Local Inference deployment
1. Description
This document describes deploying segmentation models on the server side using the Python interface for Paddle Inference. With a certain configuration and a small amount of code, you can integrate the model into your own service to complete the task of image segmentation.
Paddle Inference's official website document introduces the steps to deploy the model, various API interfaces, examples, etc. You can use it according to your actual needs .
2. Preliminary preparation
Please use the Model Export Tool to export your model, or click to download our Sample Model for testing.
Then prepare a test image for the test effect, we provide a image in the validation set of cityscapes for demonstration effect, if Your model is trained using another dataset, please prepare test images by yourself.
3. Prediction
Enter the following command in the terminal to make predictions:
python deploy/python/infer.py --config /path/to/deploy.yaml --image_path # if you set input_shape in export, you need to pass in images with the same shape as input_shape or pass in shape-changing transforms in deploy.yaml.
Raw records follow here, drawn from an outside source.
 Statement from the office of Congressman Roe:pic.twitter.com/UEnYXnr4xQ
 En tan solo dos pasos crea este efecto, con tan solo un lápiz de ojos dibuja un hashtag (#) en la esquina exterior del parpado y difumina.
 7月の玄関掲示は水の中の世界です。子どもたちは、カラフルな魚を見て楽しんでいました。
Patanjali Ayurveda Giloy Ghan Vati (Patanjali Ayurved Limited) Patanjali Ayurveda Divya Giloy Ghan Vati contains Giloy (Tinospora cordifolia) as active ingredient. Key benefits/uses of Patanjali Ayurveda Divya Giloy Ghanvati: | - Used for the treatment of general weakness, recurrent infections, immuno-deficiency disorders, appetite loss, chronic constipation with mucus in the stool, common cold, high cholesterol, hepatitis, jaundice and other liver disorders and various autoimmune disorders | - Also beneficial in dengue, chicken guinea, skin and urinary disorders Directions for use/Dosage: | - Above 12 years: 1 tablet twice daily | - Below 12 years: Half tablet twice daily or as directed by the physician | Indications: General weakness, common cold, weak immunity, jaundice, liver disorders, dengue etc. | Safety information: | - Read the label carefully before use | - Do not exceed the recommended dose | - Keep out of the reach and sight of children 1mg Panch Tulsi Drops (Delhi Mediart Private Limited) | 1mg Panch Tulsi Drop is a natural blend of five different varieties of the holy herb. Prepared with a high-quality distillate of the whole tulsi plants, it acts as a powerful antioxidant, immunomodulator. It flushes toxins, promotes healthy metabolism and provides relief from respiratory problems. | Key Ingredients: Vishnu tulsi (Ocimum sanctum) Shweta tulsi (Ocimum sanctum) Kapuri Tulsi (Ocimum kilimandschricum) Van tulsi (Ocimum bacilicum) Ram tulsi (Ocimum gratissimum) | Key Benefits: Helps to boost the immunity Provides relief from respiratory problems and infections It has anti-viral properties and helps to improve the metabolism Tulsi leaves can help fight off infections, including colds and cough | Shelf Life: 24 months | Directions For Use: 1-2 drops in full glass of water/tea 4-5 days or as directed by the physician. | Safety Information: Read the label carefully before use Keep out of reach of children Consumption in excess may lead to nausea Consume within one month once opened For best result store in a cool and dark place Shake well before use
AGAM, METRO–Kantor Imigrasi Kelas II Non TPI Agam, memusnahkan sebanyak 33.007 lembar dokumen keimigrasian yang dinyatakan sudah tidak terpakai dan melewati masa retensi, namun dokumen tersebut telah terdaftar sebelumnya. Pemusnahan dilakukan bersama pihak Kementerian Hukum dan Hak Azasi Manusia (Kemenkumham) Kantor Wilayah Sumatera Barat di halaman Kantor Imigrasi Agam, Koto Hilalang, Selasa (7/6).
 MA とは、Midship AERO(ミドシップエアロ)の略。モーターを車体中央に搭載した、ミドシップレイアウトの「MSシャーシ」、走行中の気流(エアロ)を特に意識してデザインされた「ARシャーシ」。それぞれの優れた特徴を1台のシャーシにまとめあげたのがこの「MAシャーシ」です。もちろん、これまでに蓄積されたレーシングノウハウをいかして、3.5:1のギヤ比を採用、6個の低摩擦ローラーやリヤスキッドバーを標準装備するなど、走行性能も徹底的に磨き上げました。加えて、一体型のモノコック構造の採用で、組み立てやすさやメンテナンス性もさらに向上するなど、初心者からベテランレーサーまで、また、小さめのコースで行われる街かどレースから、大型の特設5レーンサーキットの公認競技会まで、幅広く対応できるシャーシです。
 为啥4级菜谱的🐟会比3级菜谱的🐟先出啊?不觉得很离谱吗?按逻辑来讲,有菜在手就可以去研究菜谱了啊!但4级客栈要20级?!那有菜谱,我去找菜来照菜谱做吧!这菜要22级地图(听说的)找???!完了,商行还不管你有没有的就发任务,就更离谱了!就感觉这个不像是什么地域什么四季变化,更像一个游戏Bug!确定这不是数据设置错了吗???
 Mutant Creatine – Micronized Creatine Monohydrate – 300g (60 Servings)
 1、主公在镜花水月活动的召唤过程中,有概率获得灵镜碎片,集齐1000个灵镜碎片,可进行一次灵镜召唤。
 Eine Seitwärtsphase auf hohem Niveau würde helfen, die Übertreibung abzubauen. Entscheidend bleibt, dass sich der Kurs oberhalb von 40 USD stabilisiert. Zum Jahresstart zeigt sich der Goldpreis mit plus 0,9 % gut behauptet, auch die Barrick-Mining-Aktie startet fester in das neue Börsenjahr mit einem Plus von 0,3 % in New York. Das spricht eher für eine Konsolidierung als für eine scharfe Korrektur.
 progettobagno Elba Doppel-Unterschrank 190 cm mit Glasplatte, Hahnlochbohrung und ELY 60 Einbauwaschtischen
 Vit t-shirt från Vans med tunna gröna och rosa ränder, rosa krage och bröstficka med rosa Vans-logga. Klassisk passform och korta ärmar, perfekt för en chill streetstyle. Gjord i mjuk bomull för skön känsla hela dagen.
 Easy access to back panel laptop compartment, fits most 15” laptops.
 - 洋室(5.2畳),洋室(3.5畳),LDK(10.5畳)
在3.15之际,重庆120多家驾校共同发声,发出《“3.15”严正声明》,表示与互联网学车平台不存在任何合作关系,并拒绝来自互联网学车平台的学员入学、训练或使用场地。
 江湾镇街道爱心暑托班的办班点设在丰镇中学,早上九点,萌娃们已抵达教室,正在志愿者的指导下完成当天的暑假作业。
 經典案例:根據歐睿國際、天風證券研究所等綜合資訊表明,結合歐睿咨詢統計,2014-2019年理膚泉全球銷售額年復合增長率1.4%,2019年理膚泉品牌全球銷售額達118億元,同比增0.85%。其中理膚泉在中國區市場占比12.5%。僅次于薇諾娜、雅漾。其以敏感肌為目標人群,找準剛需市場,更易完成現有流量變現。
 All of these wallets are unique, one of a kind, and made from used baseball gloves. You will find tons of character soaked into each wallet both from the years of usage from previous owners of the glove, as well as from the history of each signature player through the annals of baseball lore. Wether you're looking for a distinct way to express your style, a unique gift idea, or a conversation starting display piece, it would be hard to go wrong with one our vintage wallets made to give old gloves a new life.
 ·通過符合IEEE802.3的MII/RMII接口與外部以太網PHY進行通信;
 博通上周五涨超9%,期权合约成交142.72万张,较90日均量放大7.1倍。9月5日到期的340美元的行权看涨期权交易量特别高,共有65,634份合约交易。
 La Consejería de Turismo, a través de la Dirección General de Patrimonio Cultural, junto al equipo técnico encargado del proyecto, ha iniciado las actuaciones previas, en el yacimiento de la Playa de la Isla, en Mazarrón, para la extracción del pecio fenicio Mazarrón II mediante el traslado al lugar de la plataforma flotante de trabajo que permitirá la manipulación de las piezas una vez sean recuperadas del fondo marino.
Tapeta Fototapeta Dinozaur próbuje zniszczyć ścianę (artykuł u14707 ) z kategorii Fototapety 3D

The parameter descriptions are as follows:
Parameter name |
Purpose |
Required option |
Default value |
config |
The configuration file generated when exporting the model, not the configuration file in the configs directory |
Yes |
- |
image_path |
The path or directory of the predicted image |
is |
- |
use_cpu |
Whether to use X86 CPU prediction, the default is to use GPU prediction |
No |
No |
use_trt |
Whether to enable TensorRT to speed up prediction |
No |
No |
use_int8 |
Whether to run in int8 mode when starting TensorRT prediction |
no |
no |
use_mkldnn |
Whether to enable MKLDNN for accelerated prediction |
No |
No |
batch_size |
single card batch size |
no |
specified value in configuration file |
save_dir |
Directory where prediction results are saved |
no |
output |
with_argmax |
Perform argmax operation on the prediction result |
No |
No |
Test examples and predicted results are as follows
Notice
-
When using quantitative model prediction, both TensorRT prediction and int8 prediction need to be turned on to have the acceleration effect
-
To use TensorRT, you need to use the Paddle library that supports the TRT function. Please refer to Appendix to download the corresponding PaddlePaddle installation package, or refer to source code compilation to compile it yourself.